Barnaby could believe that. Even now, wretchedly miserable and unmade-up, the face beneath the tousled mass of burnished hair was very attractive.

‘I wangled an invitation for a meal, à deux as I thought, at his house. Went along, all dressed up like the dog’s dinner. Half the street was there.’ She laughed, an ugly, tearing sound. ‘Even then I didn’t give up. Told myself that on that first occasion he had needed people round him. That he was shy. So, a few weeks later, I tried again. He’d mentioned once that he was fond of Victorian paintings. I had a small oil in the shop - a rather sentimental fireside scene, late 19th century. I wrapped it up and took it round one afternoon. Tea time.

‘I knew, as soon as he opened the door, that I’d made a mistake. He showed me into the kitchen, looked at the picture and admired it but said he didn’t really have the wall space. We staggered through a bit of quite artificial conversation, then someone came to the door. It was Honoria, wanting some smilax for the church. Gerald was so relieved at the interruption. If it hadn’t been so painful it would have been funny. He went off with her into the garden and started snipping at green stuff. They seemed to be good for a few minutes.

‘I didn’t plan to run upstairs, yet suddenly I was there. I suppose I must have seen it as a chance to find out more about him. Where he slept, what sort of soap he used - stupid things like that. I remember I took his pyjamas from under the pillow and held them against my face. Opened the wardrobe, ran my hands over his clothes. All the while going back and forth to the window checking they were still busy outside. In a chest of drawers I found a shoe box full of photographs. I lifted them up and took one. From the bottom, thinking he’d be less likely to notice. As I was putting it down my bra I heard their voices coming closer to the house. I ran downstairs, bundled up my painting, called goodbye through the kitchen door and left.’ She paused, rolling her glass between the palms of her hands, swilling the liquid.
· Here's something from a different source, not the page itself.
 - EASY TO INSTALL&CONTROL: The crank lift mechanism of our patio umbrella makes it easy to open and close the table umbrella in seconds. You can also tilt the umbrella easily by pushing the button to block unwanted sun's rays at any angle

‘I gave up then. Not loving him - would that I could! But trying to force any sort of intimacy. I was afraid if I pushed things too far he might leave the group and then I’d never see him at all. So that’s how things were for months, then, gradually, human nature being what it is I suppose, hope returned. I knew about Grace of course, how happy they’d been, but nobody can mourn forever. And I was greatly consoled and comforted by the fact that, if he didn’t want me, at least he didn’t appear to want anyone else. Or so I thought.’
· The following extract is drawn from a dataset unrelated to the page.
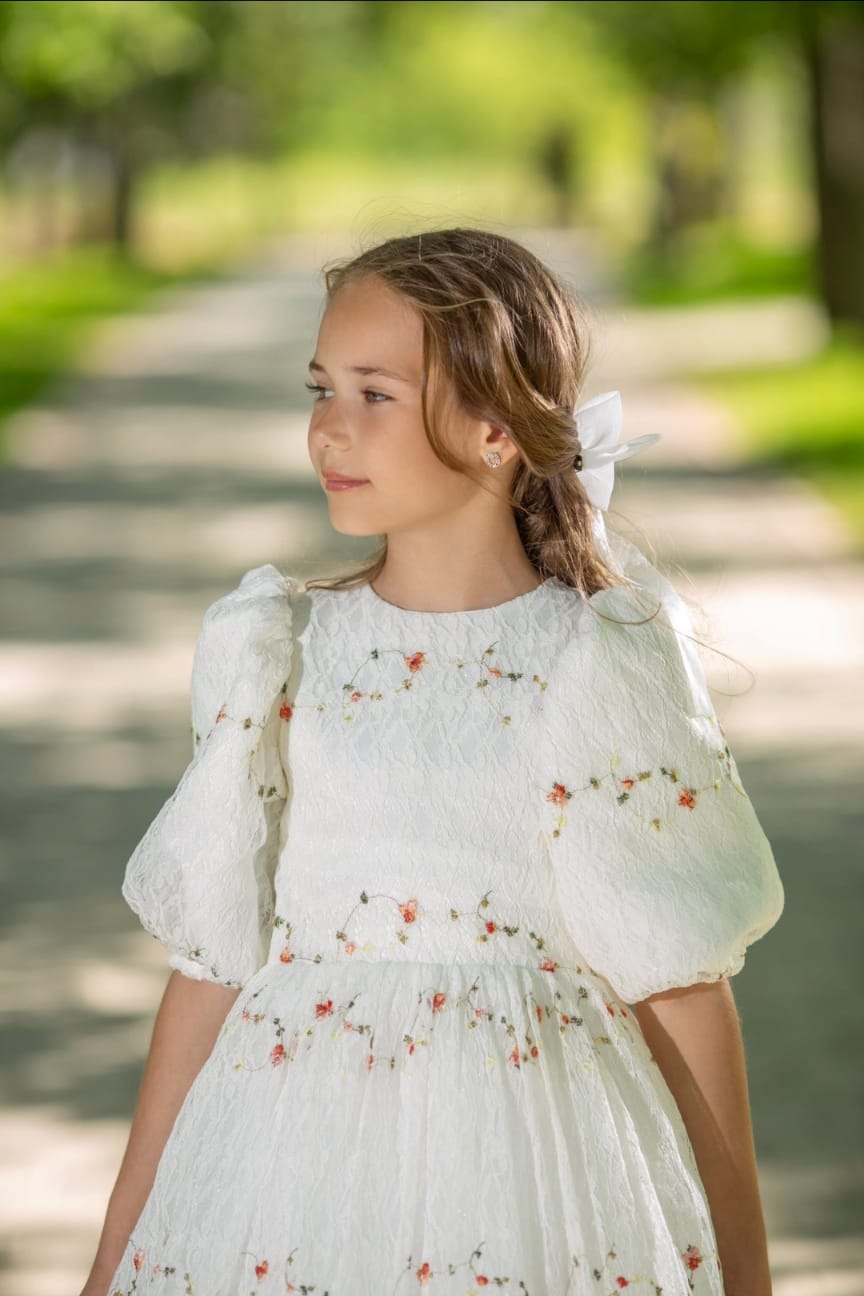 The Ivory Garden Lace Dress features delicate rose embroidery scattered throughout, adding a touch of charm and whimsy. It combines classic lace with playful floral details for a timeless, elegant look! Available in both ivory and pink!

The ensuing silence went on for a long time, yet Barnaby was loath to break it. She had withdrawn totally and was staring into the speckled but extremely grand Venetian mirror over the fireplace, frowningly perturbed, as if the person looking back at her was a stranger. He hoped all these painful recollections had not brought some immovable portcullis clanging down in her mind leaving her beyond the reach of his questions and immune to all persuasion. He was on the point of interrogatively reprising her final remark when she started to speak again.